While denormalized views sound great in theory, there are two good reasons for creating separate dimension tables: 
- **If care is taken to *use just foreign keys in the `GROUP BY` clause*, then it can *sometimes* be actually be faster to query multiple tables than a single table.** This is because the joins will happen **after** the grouping has reduced the data to a manageable number of fact table rows. The incremental performance cost of the join is then practically nil, especially if there are a small number of groups in the result set. 
- **Dimension tables provide opportunities to add in static descriptive data.** For example, we could add in the seating capacity or age of a given basketball arena if we treat it as a dimension table instead of just a column. If an arena were just a few columns then we'd have to update the view each time we added a column. 

Whether either of these advantages are relevant depends on the situation. As a general rule, unless you have a good reason not to, it is best to create dimension tables instead of dimension columns. You can always create a view if needed. 

### **Snowflakes and Galaxies**

The rule that dimensions be denormalized is more of a convenience than a law. The purpose is to make writing queries as simple and bug-free as possible. However, if we are ultimately going to denormalize the data using the same joins every time, then what difference does it make how many joins there are? Such is the reasoning behind the so-called **Snowflake design pattern**. 

Here, for example, is the snowflake version of the PlayFacts database. The dotted lines show relationships normalized out from the star schema dimensions. There is no effect on the fact table, just more detail in the dimensions. 
![](https://github.com/christopherhuntley/DATA6510/raw/master/img/L10_NBA_PlayFacts_Snowflake_DW.png) 

The advantages of normalizing the dimensions include:
- less data redundancy, smaller storage requirements, etc. that we usually associate with normalization
- the ability to add new details (like team franchises or arenas) without disrupting existing dimensions

It is important to point out that the snowflake and star schema patterns are both perfectly valid. Which to use is totally situational. Let the data, its usage, and performance considerations guide your decision. 

Like the snowflake pattern, the **galaxy pattern** also extends the star schema, this time by allowing multiple fact tables.
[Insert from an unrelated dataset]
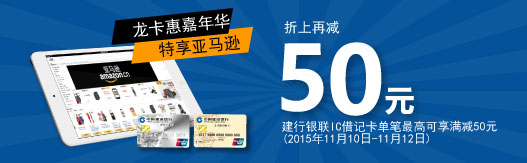 活动二:11月10日至11月12日,建行银联IC借记卡购亚马逊全场自营商品满199减30(可与亚马逊其他优惠叠加)

The baseball database from lesson 2 is a galaxy with ...
- Fact tables for fielding, batting, pitching, etc.  
- Dimension tables for players (Master), teams, all star game appearances, etc. 
It also follows the snowflake pattern, with enhancements like All Star Game appearances, Hall of Fame voting, etc. attached to the players and teams. 

![Lahman 2016 ERD](https://github.com/christopherhuntley/DATA6510/raw/master/img/L2_baseball_stats_schema.png)


---
## **Advanced SQL Tips**

### **Window Functions**

Longitudinal data, where the meaning of a given fact is determined relative to the ones before it, is inherently problematic. The complexity is subtle, practically invisible to untrained eyes, but it can nonetheless wreak havoc on even the best data model. 

The relational data model is designed to capture instantaneous snapshots of whatever is being tracked, adding one row at a time. Similarly, `SELECT` queries return data one row at a time. That makes it nice and symmetric, with rows in and rows out. 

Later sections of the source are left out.